EXERCISE
An exact copy is needed of the lines in the entries below from the line with "Отдельного абзаца требует" up to and including the line with "今回は、プールのオーバーフロ", and of nothing else. Leave the pictures out.

RECORDS FOR THE TASK
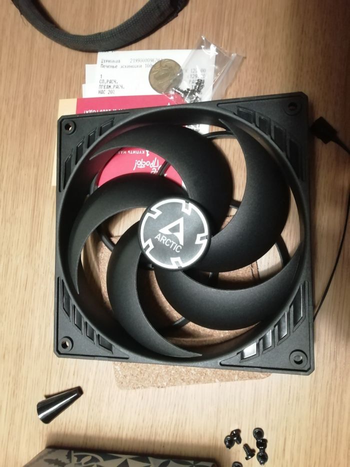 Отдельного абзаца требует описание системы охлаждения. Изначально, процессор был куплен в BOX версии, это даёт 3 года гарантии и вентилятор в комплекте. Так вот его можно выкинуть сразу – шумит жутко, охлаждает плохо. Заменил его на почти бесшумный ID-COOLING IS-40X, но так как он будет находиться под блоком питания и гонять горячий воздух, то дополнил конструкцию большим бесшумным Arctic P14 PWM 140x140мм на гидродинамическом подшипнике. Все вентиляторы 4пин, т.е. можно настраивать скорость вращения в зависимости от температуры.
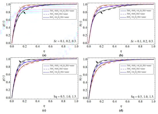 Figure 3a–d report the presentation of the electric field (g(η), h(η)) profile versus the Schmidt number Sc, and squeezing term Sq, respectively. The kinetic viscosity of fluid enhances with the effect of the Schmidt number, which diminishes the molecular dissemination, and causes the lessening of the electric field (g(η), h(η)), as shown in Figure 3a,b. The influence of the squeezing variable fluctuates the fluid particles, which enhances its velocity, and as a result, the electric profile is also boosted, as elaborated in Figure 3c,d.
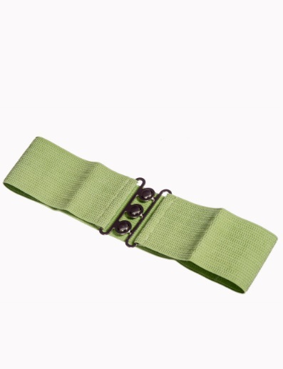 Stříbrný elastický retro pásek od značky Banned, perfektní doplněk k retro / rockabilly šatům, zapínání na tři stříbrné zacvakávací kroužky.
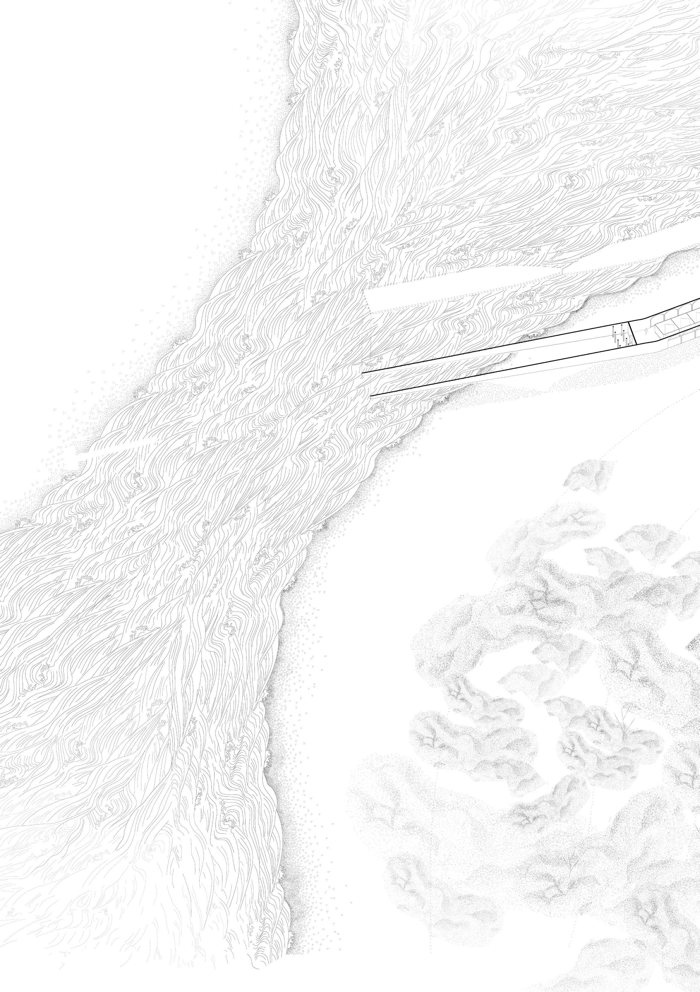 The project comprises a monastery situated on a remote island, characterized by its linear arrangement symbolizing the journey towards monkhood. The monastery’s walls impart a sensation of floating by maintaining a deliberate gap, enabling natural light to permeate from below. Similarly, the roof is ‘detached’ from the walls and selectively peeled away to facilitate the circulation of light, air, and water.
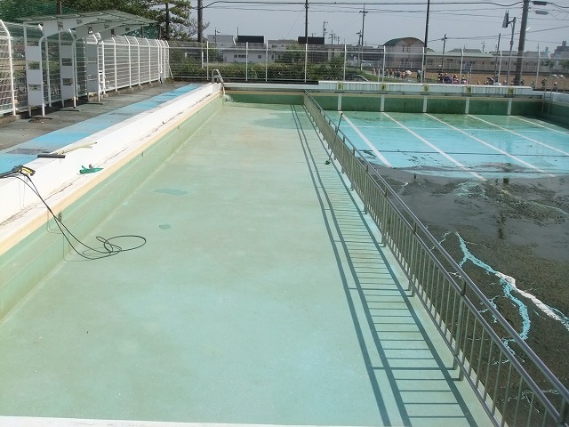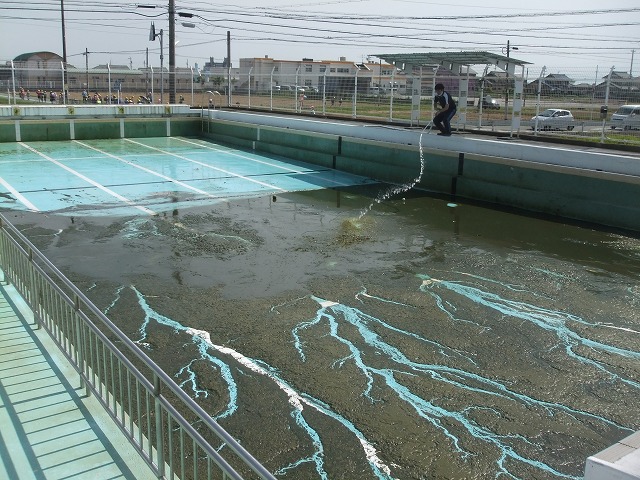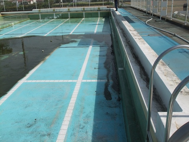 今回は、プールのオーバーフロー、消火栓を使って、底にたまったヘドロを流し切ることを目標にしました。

---

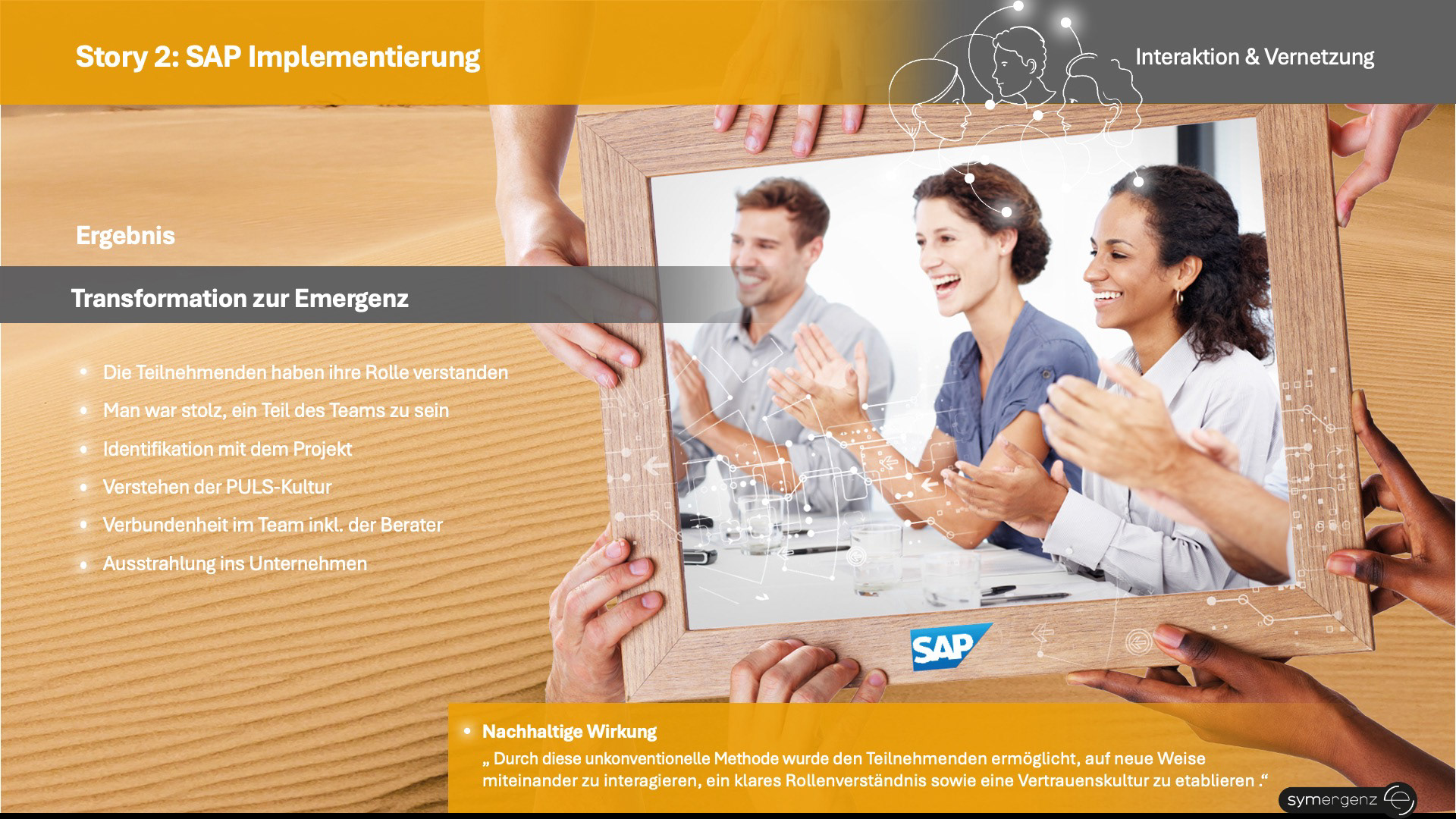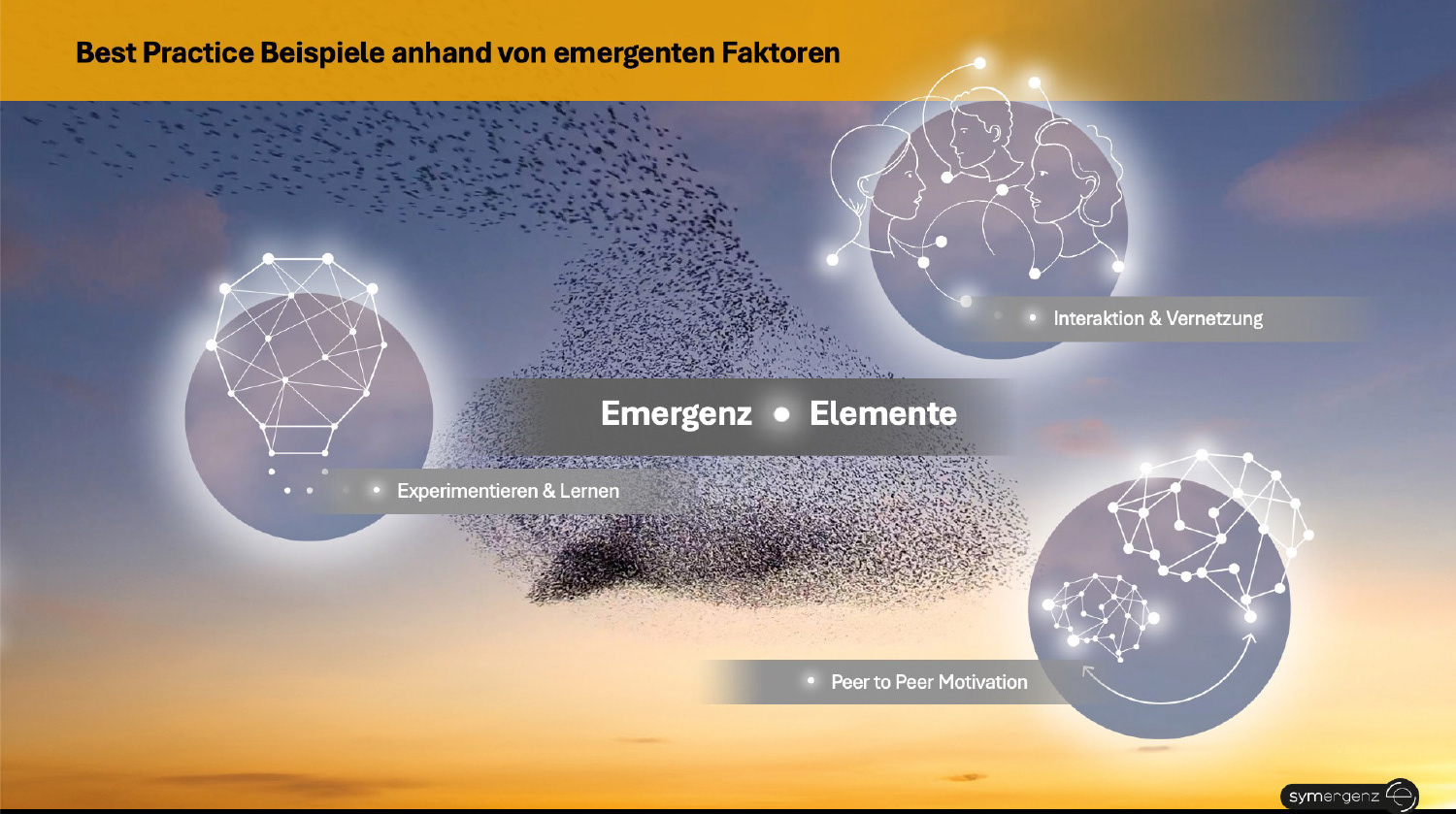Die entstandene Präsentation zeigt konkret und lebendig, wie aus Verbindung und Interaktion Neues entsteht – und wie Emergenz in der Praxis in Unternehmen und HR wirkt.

* * *

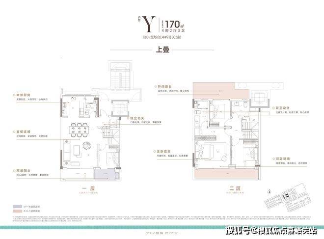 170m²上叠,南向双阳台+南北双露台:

TASK OUTPUT
 Отдельного абзаца требует описание системы охлаждения. Изначально, процессор был куплен в BOX версии, это даёт 3 года гарантии и вентилятор в комплекте. Так вот его можно выкинуть сразу – шумит жутко, охлаждает плохо. Заменил его на почти бесшумный ID-COOLING IS-40X, но так как он будет находиться под блоком питания и гонять горячий воздух, то дополнил конструкцию большим бесшумным Arctic P14 PWM 140x140мм на гидродинамическом подшипнике. Все вентиляторы 4пин, т.е. можно настраивать скорость вращения в зависимости от температуры.
 Figure 3a–d report the presentation of the electric field (g(η), h(η)) profile versus the Schmidt number Sc, and squeezing term Sq, respectively. The kinetic viscosity of fluid enhances with the effect of the Schmidt number, which diminishes the molecular dissemination, and causes the lessening of the electric field (g(η), h(η)), as shown in Figure 3a,b. The influence of the squeezing variable fluctuates the fluid particles, which enhances its velocity, and as a result, the electric profile is also boosted, as elaborated in Figure 3c,d.
 Stříbrný elastický retro pásek od značky Banned, perfektní doplněk k retro / rockabilly šatům, zapínání na tři stříbrné zacvakávací kroužky.
 The project comprises a monastery situated on a remote island, characterized by its linear arrangement symbolizing the journey towards monkhood. The monastery’s walls impart a sensation of floating by maintaining a deliberate gap, enabling natural light to permeate from below. Similarly, the roof is ‘detached’ from the walls and selectively peeled away to facilitate the circulation of light, air, and water.
 今回は、プールのオーバーフロー、消火栓を使って、底にたまったヘドロを流し切ることを目標にしました。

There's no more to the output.